Task description:
Copy the listing exactly, leaving out every picture.

Records supplied:
****

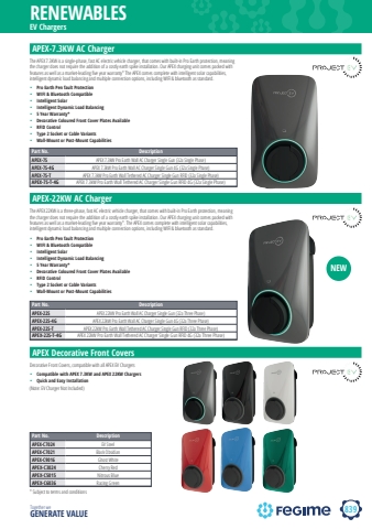 839 Together we GENERATE VALUERENEWABLESEV ChargersPart No. DescriptionAPEX-7S APEX 7.3kW Pro Earth Wall AC Charger Single Gun (32a Single Phase)APEX-7S-4G APEX 7.3kW Pro Earth Wall AC Charger Single Gun 4G (32a Single Phase)APEX-7S-T APEX 7.3kW Pro Earth Wall Tethered AC Charger Single Gun RFID (32a Single Phase)APEX-7S-T-4G APEX 7.3kW Pro Earth Wall Tethered AC Charger Single Gun RFID 4G (32a Single Phase)APEX-7.3KW AC Charger The APEX 7.3KW is a single-phase, fast AC electric vehicle charger, that comes with built-in Pro Earth protection, meaning the charger does not require the addition of a costly earth spike installation. Our APEX charging unit comes packed with features as well as a market-leading five year warranty* The APEX comes complete with intelligent solar capabilities, intelligent dynamic load balancing and multiple connection options, including WIFI & bluetooth as standard.%u2022 Pro Earth Pen fault Protection%u2022 WIFI & Bluetooth Compatible%u2022 Intelligent Solar%u2022 Intelligent Dynamic Load Balancing%u2022 5 Year Warranty*%u2022 Decorative Coloured Front Cover Plates Available%u2022 RFID Control%u2022 Type 2 Socket or Cable Variants%u2022 Wall-Mount or Post-Mount CapabilitiesPart No. DescriptionAPEX-22S APEX 22kW Pro Earth Wall AC Charger Single Gun (32a Three Phase)APEX-22S-4G APEX 22kW Pro Earth Wall AC Charger Single Gun 4G (32a Three Phase)APEX-22S-T APEX 22kW Pro Earth Wall Tethered AC Charger Single Gun RFID (32a Three Phase)APEX-22S-T-4G APEX 22kW Pro Earth Wall Tethered AC Charger Single Gun RFID 4G (32a Three Phase)APEX-22KW AC ChargerThe APEX 22KW is a three-phase, fast AC electric vehicle charger, that comes with built-in Pro Earth protection, meaning the charger does not require the addition of a costly earth spike installation. Our APEX charging unit comes packed with features as well as a market-leading five year warranty*. The APEX comes complete with intelligent solar capabilities, intelligent dynamic load balancing and multiple connection options, including WIFI & bluetooth as standard.%u2022 Pro Earth Pen fault Protection%u2022 WIFI & Bluetooth Compatible%u2022 Intelligent Solar%u2022 Intelligent Dynamic Load Balancing%u2022 5 Year Warranty*%u2022 Decorative Coloured Front Cover Plates Available%u2022 RFID Control%u2022 Type 2 Socket or Cable Variants%u2022 Wall-Mount or Post-Mount CapabilitiesPart No. DescriptionAPEX-C7024 EV SteelAPEX-C7021 Black ObsidianAPEX-C9016 Ghost WhiteAPEX-C3024 Cherry RedAPEX-C5015 Nitrous BlueAPEX-C6036 Racing GreenAPEX Decorative Front CoversDecorative Front Covers, compatible with all APEX EV Chargers%u2022 Compatible with APEX 7.3KW and APEX 22KW Chargers%u2022 Quick and Easy InstallationNEW* Subject to terms and conditions(Note: EV Charger Not Included)
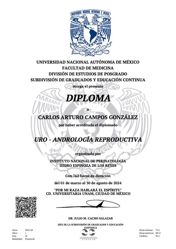 Recientemente realizcé un diplomado en Andrología.
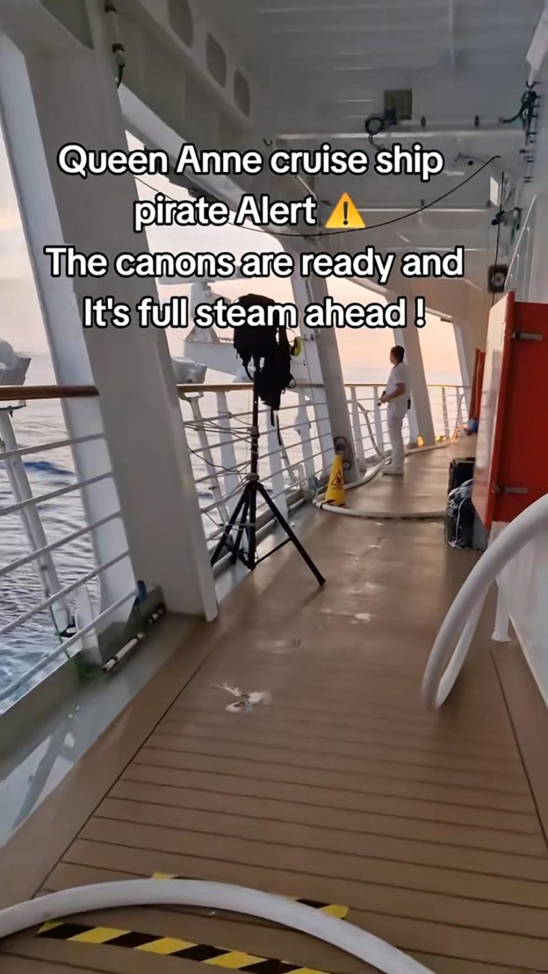 The moment didn’t just stay confined to the ship. Passengers went on social media and captured eerie footage of the ship’s silent decks and mounted high-pressure water cannons – industrial-grade gear designed to knock intruders off the side of the ship and make boarding attempts all but impossible.
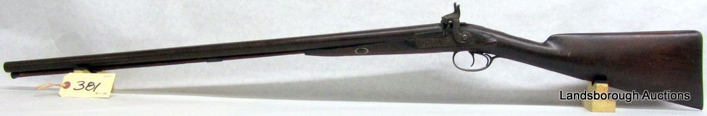 NON-RESTRICTED, MULTI BARREL, 12GA PERCUSSION, 30" DAMASCUS BARRELS WITH FIXED CHOKES, SN NONE. WOOD HAS CHIPS AROUNG FOREARM AND UPPER TANG, BLUING IS BROWN, BORES RUSTY.
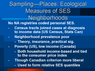In the construction of our central ecological measure of SES we focused on the prevalence of federally-defined poor people within census tracts for the following reasons. Census tracts are the most comparable units used by both the US Census Bureau and Statistics Canada. Much construct validation of such units has been accomplished, particularly by sociologists in the US (e.g., poverty areas; William Julius Wilson, The truly disadvantaged, 1987; Paul Jargowsky, Poverty and Place, 1997). Much predictive validation of such units has been accomplished, particularly in the US (e.g., Krieger N et al. The Public Health Disparities Geocoding Project. Am J Epidemiol 2002). 4) Such income-based measures are known to be intimately associated with various under- and uninsured statuses in the US, and thus, are close proxies of them. |
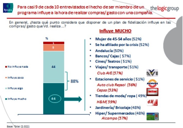 Otra conclusión que tiene que ver con los hábitos de uso, refleja que si en el pasado el cliente hacía un uso relativo de sus ventajas por pertenecer a un programa, ahora el 92% afirma utilizarlo de forma habitual, ya sea siempre (63%) o casi siempre (29%) que tiene ocasión. Por sectores, el uso más habitual se encuentra en jardinería y bricolaje (72%), estaciones de servicio (71%) e híper/súpermercados (68%). Por otra parte, casi 9 de cada 10 entrevistados reconoce que el hecho de pertenecer a un programa de fidelización le influye a la hora de elegir dónde realizar sus compras o gastos. Del 44% al que le influye mucho, el 52% declara haberse adherido a programas a causa de la crisis.
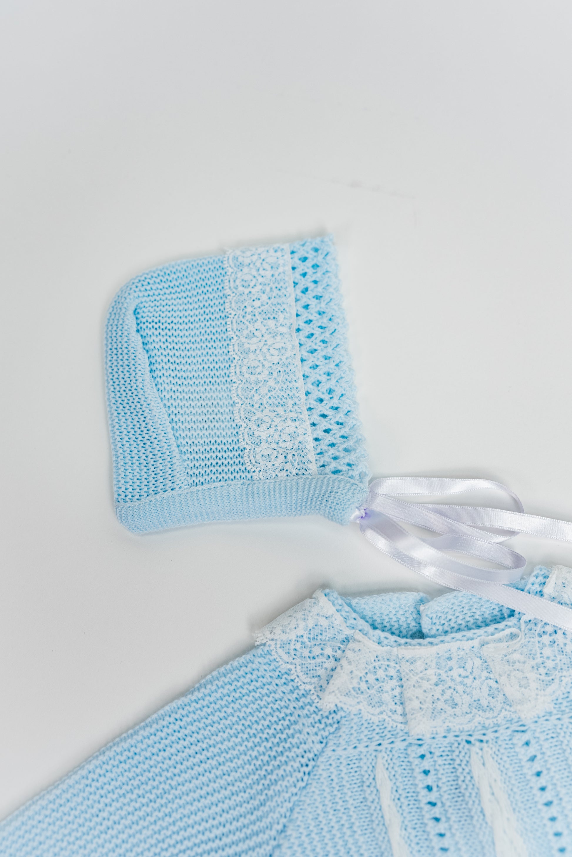 When looking for a classic coming home outfit, you want something as comfortable as this beautiful knitted hypoallergenic set, your baby will adore it!
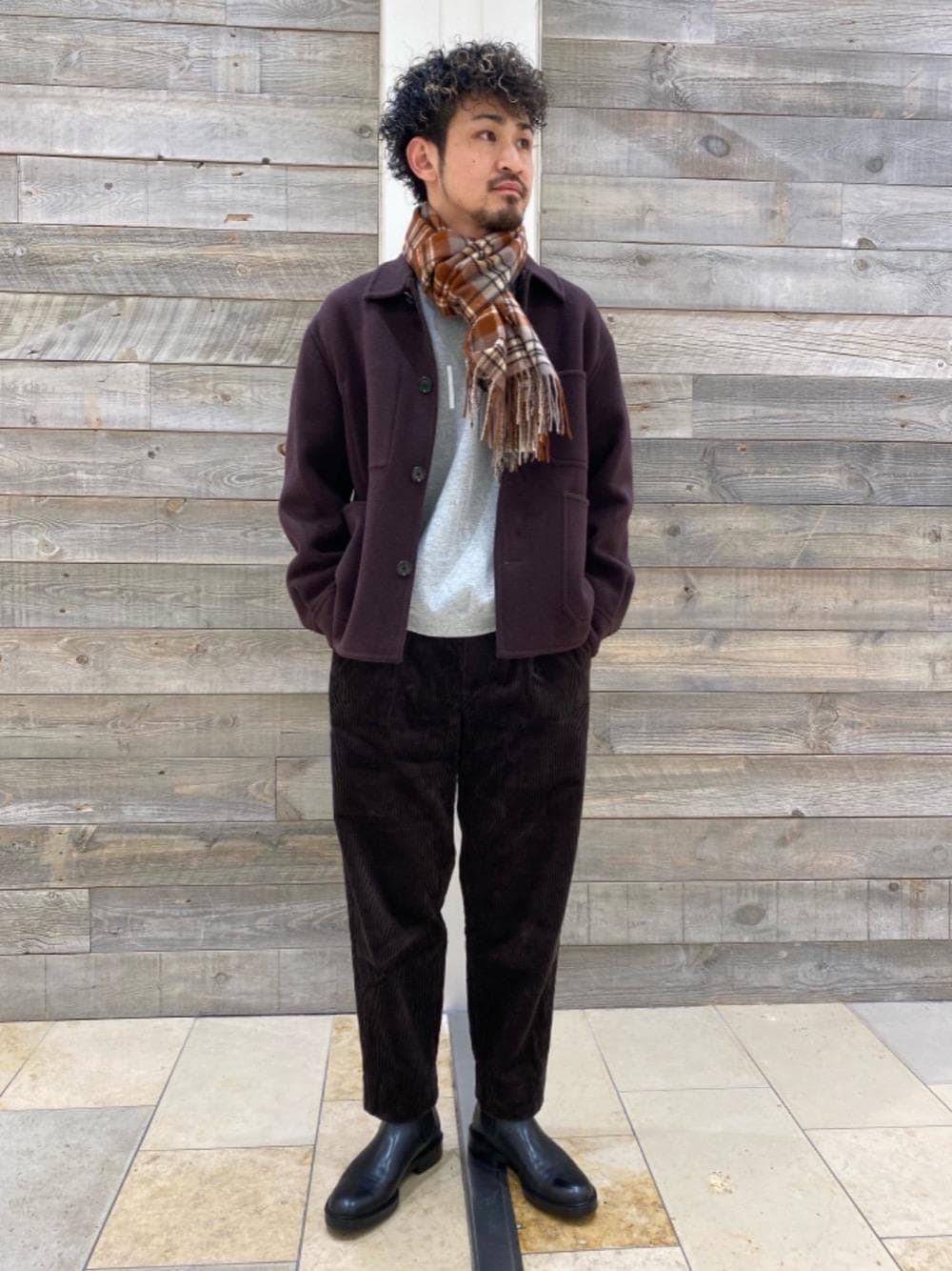 メルトンカバーオールをメインに全体を赤みのあるアイテムでまとめ、カジュアルながらも暖かみのあるコーディネートに仕上げました。 175cm普通体型、インナーに薄手のスウェット着用でジャストなサイズ感。 ショート丈なのでレイヤードを楽しめるシルエットです。裏地もチェック柄なのもデザインポイント

****

Expected answer:
 839 Together we GENERATE VALUERENEWABLESEV ChargersPart No. DescriptionAPEX-7S APEX 7.3kW Pro Earth Wall AC Charger Single Gun (32a Single Phase)APEX-7S-4G APEX 7.3kW Pro Earth Wall AC Charger Single Gun 4G (32a Single Phase)APEX-7S-T APEX 7.3kW Pro Earth Wall Tethered AC Charger Single Gun RFID (32a Single Phase)APEX-7S-T-4G APEX 7.3kW Pro Earth Wall Tethered AC Charger Single Gun RFID 4G (32a Single Phase)APEX-7.3KW AC Charger The APEX 7.3KW is a single-phase, fast AC electric vehicle charger, that comes with built-in Pro Earth protection, meaning the charger does not require the addition of a costly earth spike installation. Our APEX charging unit comes packed with features as well as a market-leading five year warranty* The APEX comes complete with intelligent solar capabilities, intelligent dynamic load balancing and multiple connection options, including WIFI & bluetooth as standard.%u2022 Pro Earth Pen fault Protection%u2022 WIFI & Bluetooth Compatible%u2022 Intelligent Solar%u2022 Intelligent Dynamic Load Balancing%u2022 5 Year Warranty*%u2022 Decorative Coloured Front Cover Plates Available%u2022 RFID Control%u2022 Type 2 Socket or Cable Variants%u2022 Wall-Mount or Post-Mount CapabilitiesPart No. DescriptionAPEX-22S APEX 22kW Pro Earth Wall AC Charger Single Gun (32a Three Phase)APEX-22S-4G APEX 22kW Pro Earth Wall AC Charger Single Gun 4G (32a Three Phase)APEX-22S-T APEX 22kW Pro Earth Wall Tethered AC Charger Single Gun RFID (32a Three Phase)APEX-22S-T-4G APEX 22kW Pro Earth Wall Tethered AC Charger Single Gun RFID 4G (32a Three Phase)APEX-22KW AC ChargerThe APEX 22KW is a three-phase, fast AC electric vehicle charger, that comes with built-in Pro Earth protection, meaning the charger does not require the addition of a costly earth spike installation. Our APEX charging unit comes packed with features as well as a market-leading five year warranty*. The APEX comes complete with intelligent solar capabilities, intelligent dynamic load balancing and multiple connection options, including WIFI & bluetooth as standard.%u2022 Pro Earth Pen fault Protection%u2022 WIFI & Bluetooth Compatible%u2022 Intelligent Solar%u2022 Intelligent Dynamic Load Balancing%u2022 5 Year Warranty*%u2022 Decorative Coloured Front Cover Plates Available%u2022 RFID Control%u2022 Type 2 Socket or Cable Variants%u2022 Wall-Mount or Post-Mount CapabilitiesPart No. DescriptionAPEX-C7024 EV SteelAPEX-C7021 Black ObsidianAPEX-C9016 Ghost WhiteAPEX-C3024 Cherry RedAPEX-C5015 Nitrous BlueAPEX-C6036 Racing GreenAPEX Decorative Front CoversDecorative Front Covers, compatible with all APEX EV Chargers%u2022 Compatible with APEX 7.3KW and APEX 22KW Chargers%u2022 Quick and Easy InstallationNEW* Subject to terms and conditions(Note: EV Charger Not Included)
 Recientemente realizcé un diplomado en Andrología.
 The moment didn’t just stay confined to the ship. Passengers went on social media and captured eerie footage of the ship’s silent decks and mounted high-pressure water cannons – industrial-grade gear designed to knock intruders off the side of the ship and make boarding attempts all but impossible.
 NON-RESTRICTED, MULTI BARREL, 12GA PERCUSSION, 30" DAMASCUS BARRELS WITH FIXED CHOKES, SN NONE. WOOD HAS CHIPS AROUNG FOREARM AND UPPER TANG, BLUING IS BROWN, BORES RUSTY.
In the construction of our central ecological measure of SES we focused on the prevalence of federally-defined poor people within census tracts for the following reasons. Census tracts are the most comparable units used by both the US Census Bureau and Statistics Canada. Much construct validation of such units has been accomplished, particularly by sociologists in the US (e.g., poverty areas; William Julius Wilson, The truly disadvantaged, 1987; Paul Jargowsky, Poverty and Place, 1997). Much predictive validation of such units has been accomplished, particularly in the US (e.g., Krieger N et al. The Public Health Disparities Geocoding Project. Am J Epidemiol 2002). 4) Such income-based measures are known to be intimately associated with various under- and uninsured statuses in the US, and thus, are close proxies of them. |
 Otra conclusión que tiene que ver con los hábitos de uso, refleja que si en el pasado el cliente hacía un uso relativo de sus ventajas por pertenecer a un programa, ahora el 92% afirma utilizarlo de forma habitual, ya sea siempre (63%) o casi siempre (29%) que tiene ocasión. Por sectores, el uso más habitual se encuentra en jardinería y bricolaje (72%), estaciones de servicio (71%) e híper/súpermercados (68%). Por otra parte, casi 9 de cada 10 entrevistados reconoce que el hecho de pertenecer a un programa de fidelización le influye a la hora de elegir dónde realizar sus compras o gastos. Del 44% al que le influye mucho, el 52% declara haberse adherido a programas a causa de la crisis.
 When looking for a classic coming home outfit, you want something as comfortable as this beautiful knitted hypoallergenic set, your baby will adore it!
 メルトンカバーオールをメインに全体を赤みのあるアイテムでまとめ、カジュアルながらも暖かみのあるコーディネートに仕上げました。 175cm普通体型、インナーに薄手のスウェット着用でジャストなサイズ感。 ショート丈なのでレイヤードを楽しめるシルエットです。裏地もチェック柄なのもデザインポイント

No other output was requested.